If only Malachi could leave it at that—his moral compass wouldn’t let him do it, though. When everything added up, from log books to invoices, to say there was something there ... what was it? Where it was didn’t seem all that important to Malachi anymore.

He had questions.

No doubt, that would be a problem for Chip.

At Chip’s back, Malachi asked, “What’s he hauling on the truck?”

His boss paused in his steps.

Even his shoulders tensed.

Malachi hit the nail right on the head. “That’s what it is, huh? Isn’t he always hauling into Montgomery Mountain for those fucking trips?”

“Malachi, if I wasn’t already clear—”

“No, we’re not gonna do that right now.” It pissed Malachi off more that he handed this man respect, friendship, and trust, but Chip couldn’t give it back when push came to shove. “At least tell me what kind of shit you’re letting me walk through working for you, Chip.”

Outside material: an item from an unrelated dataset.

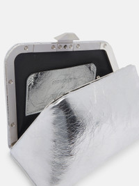 ''Midnight'' mini clutch in silver craquele'' laminated leather with shoulder strap and hinged closure. Style 241WAH40L070002 SIZE & FIT Height 5,12 inch, width 7,3 inch, depth 3,15 inch DETAILS Main Leather: 100% lamb ovis aries farm raised coo: South Africa, Lining: 51% polyurethane, 49%(70% cotton 30% polyester), Inside pocket: 100% lamb ovis aries farm raised coo: South Africa.
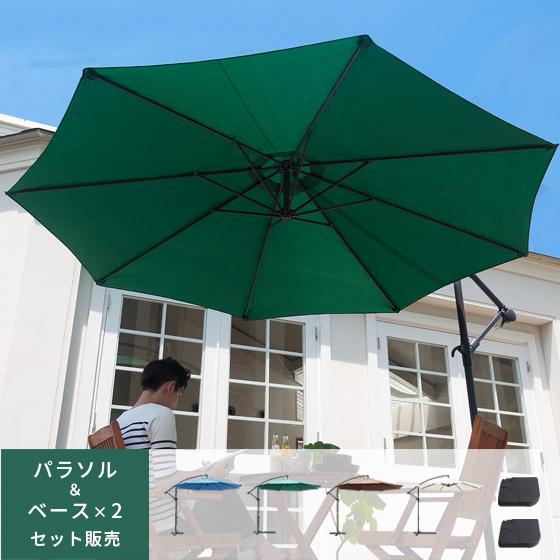 サンブレラ サイドポールパラソル 300 グリーン ベージュ ショップ

After everything, Malachi felt owed that much. At the very least. He’d worked hard to keep his ass out of trouble and repair the damage he’d done to his reputation in his youth. Being young and dumb wasn’t a good enough excuse for him after a certain point in his life—no part of him wanted to be the punk that got the pointed finger first whenever something happened like he had to be the default cause.

That time was long over.

“I guess you’ve not had time to consider it,” Chip said, glancing over his shoulder to stare Malachi down, “but the fact that I know exactly what kind of man you are is the reason why you have to ask me about any of it at all. Consider it the best I can do—you know nothing, and no one can, or will, say anything different at the end of the day. Isn’t that what matters?”

No.

Not at all.

“I know something, Chip.” He shrugged. “I know something now.”

Maybe the details weren’t all that important in the grand scheme of things. Just knowing something underhanded was happening around him drew a big line in the sand for Malachi. The suggestion of impropriety was more than enough. Stand for something or fall for everything, right?